The choice of equalization current directly affects the performance of the charger.
High current results in high overall heat generation and poor operational stability of the charger. Low current results in limited voltage and speed adjustment. Through repeated testing, the optimal balance between adjustment capability and heat generation was achieved when Iequ≈0.1Icharge.

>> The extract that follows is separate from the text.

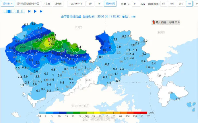 【深圳市分區(qū)暴雨黃色預(yù)警】預(yù)計(jì)福田區(qū),羅湖區(qū),南山區(qū),鹽田區(qū),大鵬新區(qū),西部海區(qū),東部海區(qū),寶安區(qū)(新安、西鄉(xiāng)、航城街道),龍崗區(qū)(南灣、坂田、園山、橫崗、布吉、吉華街道),龍華區(qū)(民治街道)和坪山區(qū)(馬巒、碧嶺街道)1-2小時(shí)內(nèi)將出現(xiàn)20-40毫米降水,深圳市氣象臺(tái)于2020年05月18日15時(shí)50分在上述地區(qū)發(fā)布暴雨黃色分區(qū)預(yù)警,全市進(jìn)入暴雨戒備狀態(tài),請(qǐng)注意防范。

Since the Ubat voltage range is 3~4V during charging, the nominal capacity of the rechargeable battery is 2000mAh, and the maximum charging current is 2A, R4 chooses to connect two 47Ω resistors in parallel.
Conclusion
Due to differences in manufacturing processes and operating environments among individual lithium-ion batteries, imbalances can occur during series charging of lithium-ion battery packs. A power-saving lithium-ion battery pack equalizer designed using a partial shunt method effectively addresses this charging imbalance. It effectively prevents overcharging, improves the safety of lithium-ion battery use, increases the charging capacity of the battery pack, and extends its lifespan. Through repeated experiments, optimal parameters were selected, and heat generation was controlled, ensuring the charger's long-term stable operation. The design process fully considered the needs of actual manufacturing. While ensuring practicality and reliability, the design was simplified, commonly used components were selected, and the cost-effectiveness was improved, demonstrating promising application prospects.